## Problem
Apart from the pictures, write out all the records exactly.

****************

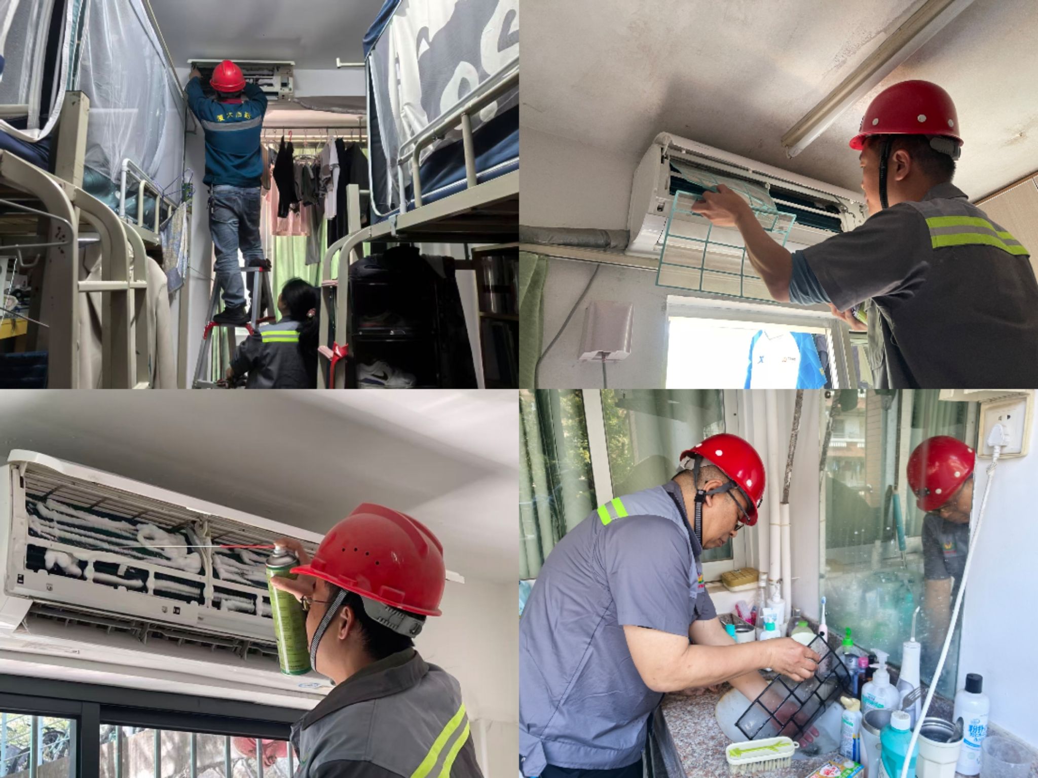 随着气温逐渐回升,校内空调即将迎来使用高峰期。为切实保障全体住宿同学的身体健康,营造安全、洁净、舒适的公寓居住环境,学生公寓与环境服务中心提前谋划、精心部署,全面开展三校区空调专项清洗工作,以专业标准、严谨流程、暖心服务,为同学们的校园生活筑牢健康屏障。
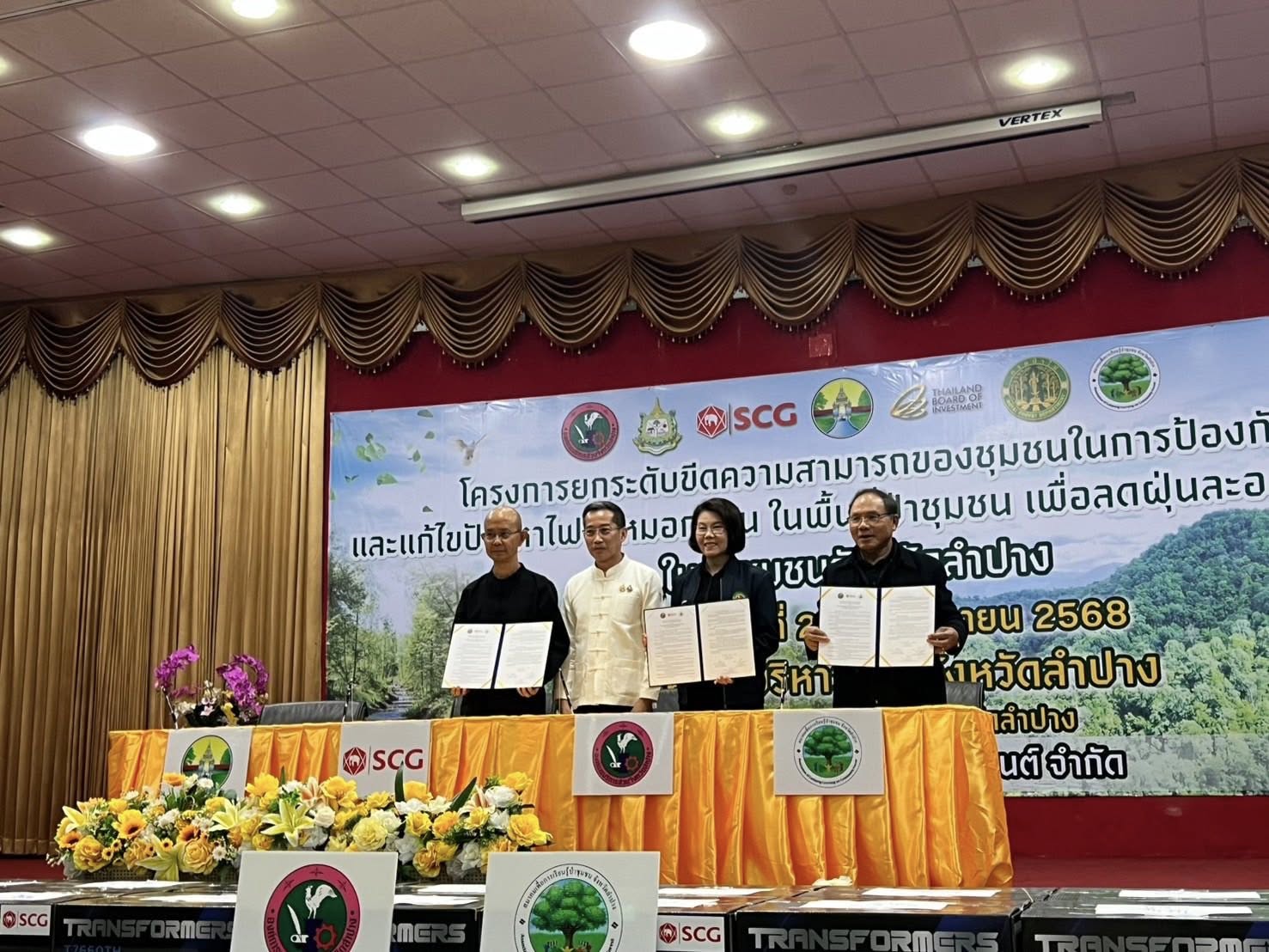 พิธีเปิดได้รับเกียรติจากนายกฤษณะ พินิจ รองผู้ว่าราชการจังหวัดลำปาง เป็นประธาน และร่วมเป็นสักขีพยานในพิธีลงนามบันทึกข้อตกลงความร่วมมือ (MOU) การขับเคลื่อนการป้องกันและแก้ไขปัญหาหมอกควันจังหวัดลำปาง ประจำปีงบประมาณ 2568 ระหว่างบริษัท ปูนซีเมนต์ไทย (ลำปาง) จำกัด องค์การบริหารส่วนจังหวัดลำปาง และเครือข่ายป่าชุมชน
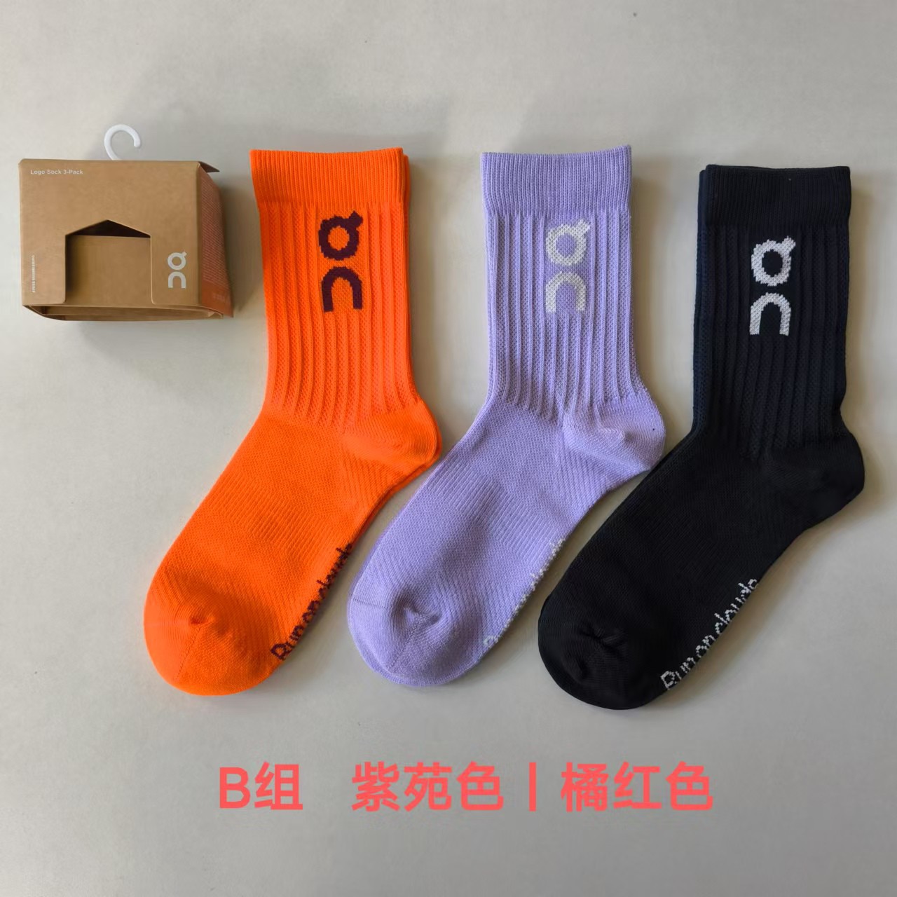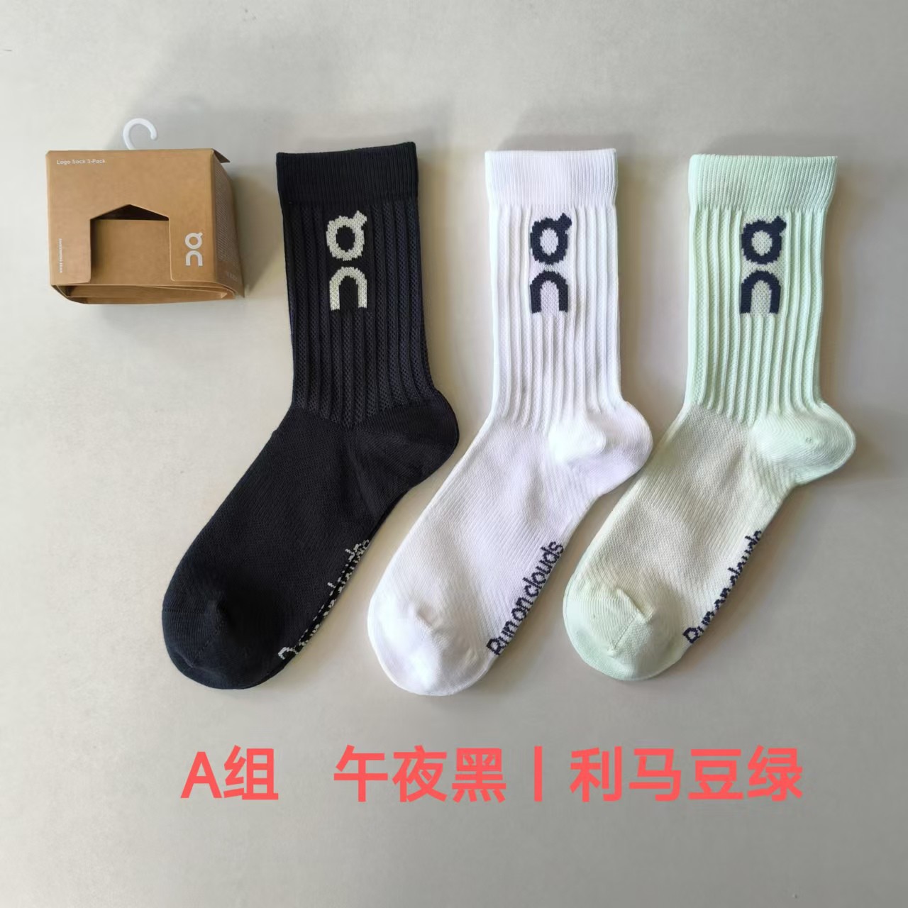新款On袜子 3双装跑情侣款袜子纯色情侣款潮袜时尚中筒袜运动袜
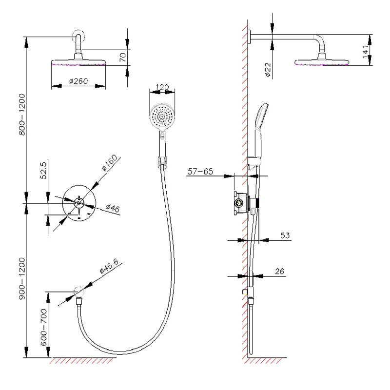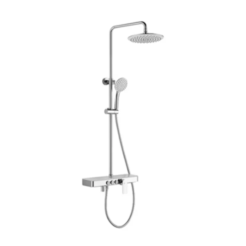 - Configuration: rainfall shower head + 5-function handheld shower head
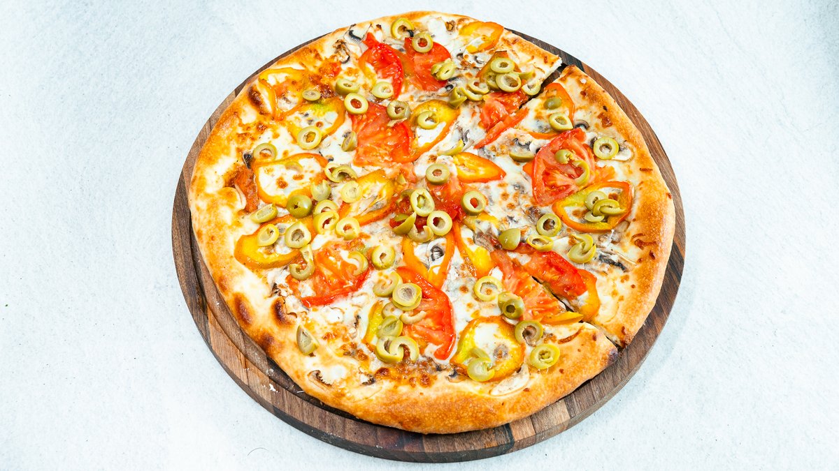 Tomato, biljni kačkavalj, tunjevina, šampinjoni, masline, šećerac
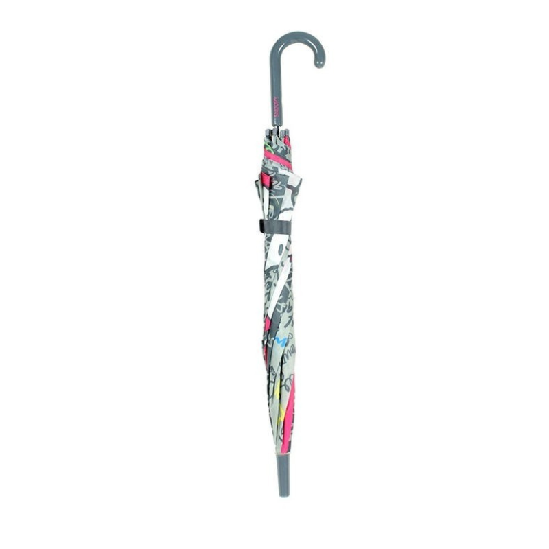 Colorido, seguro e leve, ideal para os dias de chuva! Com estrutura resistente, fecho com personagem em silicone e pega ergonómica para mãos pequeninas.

****************

## Output below
 随着气温逐渐回升,校内空调即将迎来使用高峰期。为切实保障全体住宿同学的身体健康,营造安全、洁净、舒适的公寓居住环境,学生公寓与环境服务中心提前谋划、精心部署,全面开展三校区空调专项清洗工作,以专业标准、严谨流程、暖心服务,为同学们的校园生活筑牢健康屏障。
 พิธีเปิดได้รับเกียรติจากนายกฤษณะ พินิจ รองผู้ว่าราชการจังหวัดลำปาง เป็นประธาน และร่วมเป็นสักขีพยานในพิธีลงนามบันทึกข้อตกลงความร่วมมือ (MOU) การขับเคลื่อนการป้องกันและแก้ไขปัญหาหมอกควันจังหวัดลำปาง ประจำปีงบประมาณ 2568 ระหว่างบริษัท ปูนซีเมนต์ไทย (ลำปาง) จำกัด องค์การบริหารส่วนจังหวัดลำปาง และเครือข่ายป่าชุมชน
新款On袜子 3双装跑情侣款袜子纯色情侣款潮袜时尚中筒袜运动袜
 - Configuration: rainfall shower head + 5-function handheld shower head
 Tomato, biljni kačkavalj, tunjevina, šampinjoni, masline, šećerac
 Colorido, seguro e leve, ideal para os dias de chuva! Com estrutura resistente, fecho com personagem em silicone e pega ergonómica para mãos pequeninas.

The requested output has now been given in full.